Importance of the Topic

Barbiturates remain critical targets in clinical toxicology and forensic analysis due to their narrow therapeutic index and potential for misuse. Reliable urinary screening ensures patient safety and supports law enforcement investigations.

Objectives and Study Overview

This study evaluates a streamlined extraction of seven barbiturate drugs from human urine using ISOLUTE SLE+ supported liquid extraction columns coupled with GC-MS detection. The goal is to achieve high recoveries, low limits of quantification, and reproducible performance in a simplified workflow.

Methodology and Instrumentation

The workflow comprises:

• Sample pretreatment: Mix 500 μL urine with 500 μL 100 mM ammonium acetate buffer (pH 5).
• Loading: Apply the 1 mL pretreated sample to an ISOLUTE SLE+ 1 mL column and allow absorption for 5 minutes.
• Extraction: Elute barbiturates with two 2.5 mL aliquots of dichloromethane under gravity, followed by a brief vacuum step.
• Post-extraction: Evaporate eluate to dryness at room temperature under a nitrogen stream and reconstitute in 200 μL ethyl acetate.

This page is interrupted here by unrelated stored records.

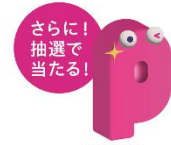
さらに! 抽選で 当たる! 対象年齢 6才〜 キャラクターぬいぐるみ 20名様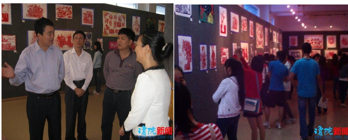
学校教育科学学院学生举办“剪尖艺术多彩人生”剪纸美术作品展

学前教育专业专门开设了“剪纸艺术”课程，将海南乐东大安镇非遗“剪纸艺术”作为课堂教学的内容，对学生进行美育培育，并将学生制作的剪纸艺术作品进行展示，在全校形成了广泛的非遗传承优秀效果。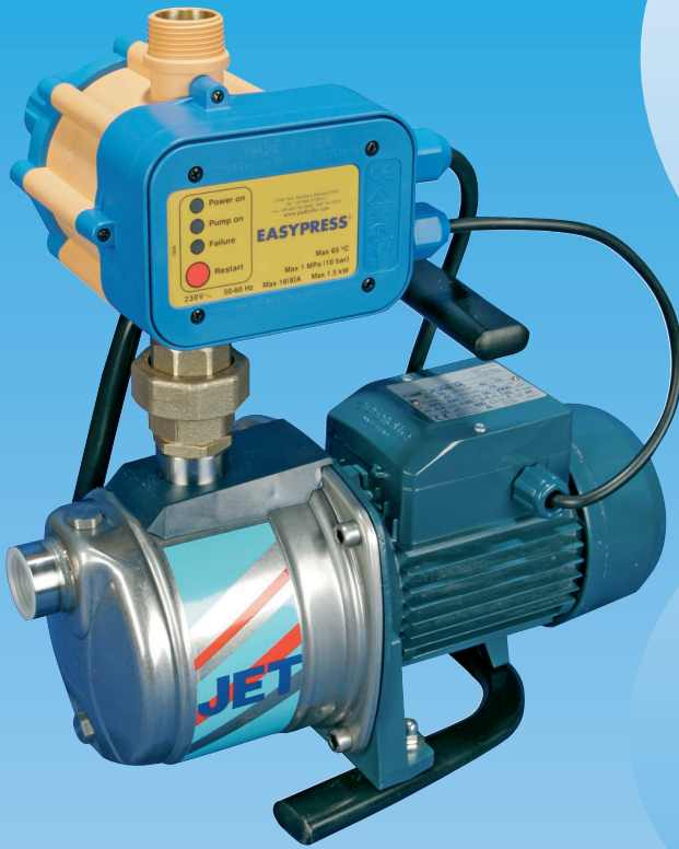
ISKU-JET 2 RS

Instrumentation parameters include:

• Gas chromatography: Helium carrier at 2 mL/min; splitless inlet at 150 °C; oven ramp from 120 to 290 °C at 15 °C/min; in-port flash alkylation with 1 μL sample and 1 μL 0.2 M TMAH in methanol.
• Mass spectrometry: Source at 230 °C, quadrupole at 150 °C, solvent delay 7 minutes, SIM mode across six time windows targeting characteristic ions for each barbiturate.

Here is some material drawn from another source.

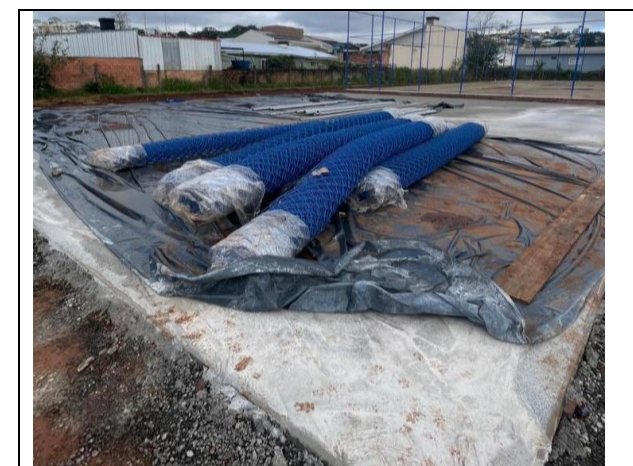
07. Piso de Concreto – quadra de basquete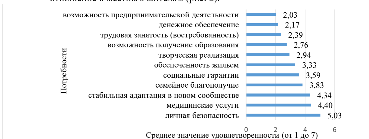
Рис. 1. Распределение наиболее значимых потребностей беженцев из зоны боевых действий как показателей качества жизни

максимально удовлетворен качеством жизни по определенному параметру) степень значимости и оценки качества жизни как удовлетворенности определенных потребностей (рис. 1), а также общее отношение к местным жителям (рис. 2).

Main Results and Discussion

The method delivered quantitative recoveries between 103 and 108% at 10 ng/mL for all seven analytes, with relative standard deviations below 10% (n=3). Chromatograms showed clear separation of compounds within 7.5 to 11 minutes without matrix interferences or emulsion issues.

Benefits and Practical Applications

• High analyte recovery and precision ensure reliable quantification at low ng/mL levels.
• Supported liquid extraction eliminates emulsion formation and reduces hands-on time.
• Simple evaporation and reconstitution streamline sample preparation in high-throughput laboratories.

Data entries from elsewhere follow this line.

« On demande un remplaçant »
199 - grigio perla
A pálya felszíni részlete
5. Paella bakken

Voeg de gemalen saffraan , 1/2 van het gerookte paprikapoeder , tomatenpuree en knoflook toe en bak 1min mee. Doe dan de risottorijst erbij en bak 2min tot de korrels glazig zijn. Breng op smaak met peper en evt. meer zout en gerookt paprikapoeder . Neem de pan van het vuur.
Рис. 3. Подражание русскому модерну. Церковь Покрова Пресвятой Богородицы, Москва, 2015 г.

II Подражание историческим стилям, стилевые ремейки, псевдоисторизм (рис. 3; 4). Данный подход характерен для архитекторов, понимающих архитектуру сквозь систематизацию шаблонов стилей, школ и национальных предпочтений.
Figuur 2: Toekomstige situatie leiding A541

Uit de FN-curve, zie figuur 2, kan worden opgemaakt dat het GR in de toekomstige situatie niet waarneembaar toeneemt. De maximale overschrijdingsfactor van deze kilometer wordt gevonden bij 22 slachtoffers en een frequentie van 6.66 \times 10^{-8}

Future Trends and Possibilities

Emerging opportunities include automation of the SLE+ workflow, extension to other drug classes, integration with LC–MS platforms for complementary data, and adoption of greener solvents to enhance sustainability in bioanalytical laboratories.

Conclusion

The ISOLUTE SLE+ GC-MS method offers a robust, efficient, and reproducible solution for the extraction and analysis of barbiturates in human urine, meeting stringent requirements for forensic and clinical toxicology applications.